Once authenticated, the same product rules still apply. Hosted Cloud can add team permissions, entitlement checks, tenant context, audit, and policy. Self-hosted Appaloft can keep local control-plane ownership. Enterprise deployments can use private gateway and customer-managed credential patterns. Those differences belong in composition and adapters, not in a new agent-only deployment model.
Plan-first is what makes AI operations reviewable
AI agents are useful because they can turn vague intent into concrete next steps: deploy this repository, install PocketBase, diagnose why the generated URL is down, add storage, inspect a failed rollout.
The dangerous version of that workflow is direct execution. The agent guesses a Docker command, calls a provider SDK, edits state, and then tries to explain what happened afterward.
Appaloft tries to make the intermediate fact visible:
- Identify the project, resource, server, environment, Blueprint, or static artifact.
- Produce a plan when the operation can create or change durable state.
- Show missing secrets, permissions, dependency bindings, and external-resource impact.
- Execute only after user or policy acceptance.
- Observe through events, logs, health checks, diagnostics, and access readback.
- Recover through explicit retry, redeploy, rollback, or repair commands.

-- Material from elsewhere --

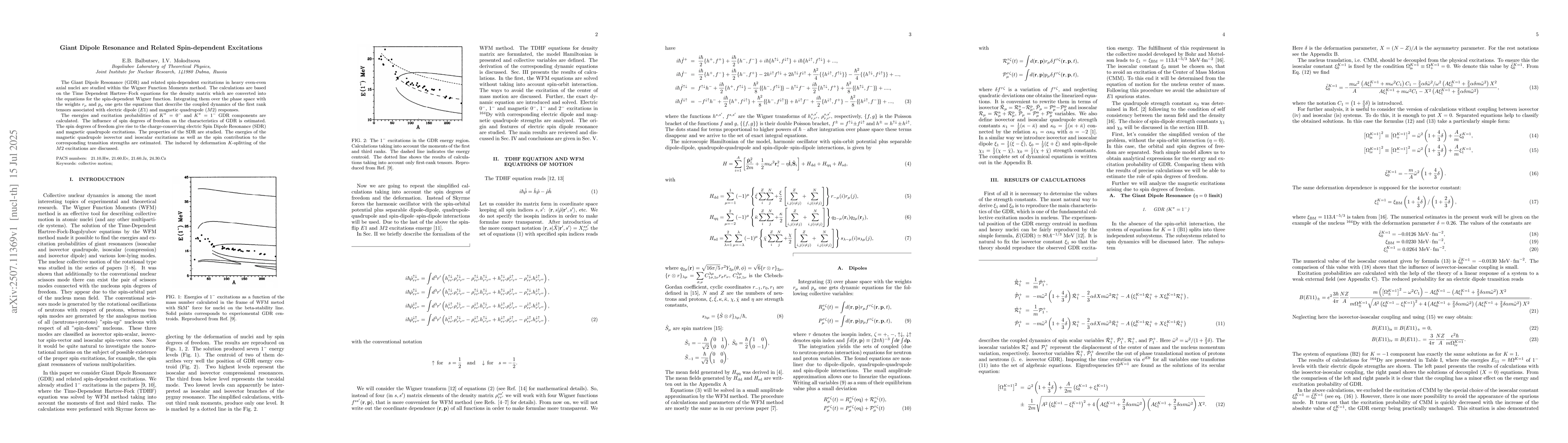 The Giant Dipole Resonance (GDR) and related spin-dependent excitations in heavy even-even axial nuclei are studied within the Wigner Function Moments method. The calculations are based on the Time Dependent Hartree-Fock equations for the density matrix which are converted into the equations for the spin-dependent Wigner function. Integrating them over the phase space with the weights $r_\mu$ and $p_\mu$ one gets the equations that describe the coupled dynamics of the first rank tensors associated with electric dipole ($E1$) and magnetic quadrupole ($M2$) responses. The energies and excitation probabilities of the $K^\pi=0^-$ and $K^\pi=1^-$ GDR components are calculated. The influence of spin degrees of freedom on the characteristics of GDR is estimated. The spin degrees of freedom give rise to the charge-conserving electric Spin Dipole Resonance (SDR) and magnetic quadrupole excitations. The properties of the SDR are studied. The energies of the magnetic quadrupole isovector and isoscalar excitations as well as the spin contribution to the corresponding transition strengths are estimated. The induced by deformation $K$-splitting of the $M2$ excitations are discussed.

That sequence is useful for humans too. AI is not the reason to build a control plane; AI makes the need harder to ignore.
The shape we want
The target architecture is plain:
- Skill: the agent-facing operating protocol
- MCP tools: typed calls into existing operations
- MCP resources: read-only context and documentation
- MCP prompts: reusable workflow sequencing
- Operation catalog: the shared product contract
- CommandBus and QueryBus: the application boundary that actually changes or reads state
- CLI, API, Web, and MCP: peer entrypoints into that same model
That shape leaves room for different deployments. A local developer may use the CLI. A GitHub workflow may use a deploy token. A desktop agent may use MCP stdio. A hosted agent may use a remote tool gateway. Cloud may add authz, audit, and entitlement. Enterprise may run a private gateway.
The important part is that deployment semantics do not fork at the moment an agent enters the picture.
The cost of keeping the boundary
This design creates work.
The operation catalog has to stay current. MCP descriptors need tests. Skill references need evals so the model does not drift into unsafe shortcuts. Auth guidance has to be explicit. Dangerous operations need annotations, confirmations, redaction, and idempotency rules. The CLI and Web Console must be able to explain the same facts that MCP returns to an agent.
That is a better cost than debugging an agent-only path at 2 a.m.
AI agents should be able to deploy, observe, and recover software. They should do it through the same control plane everyone else uses. In Appaloft, the skill teaches the route, MCP gives the callable surface, and the operation catalog keeps the product honest.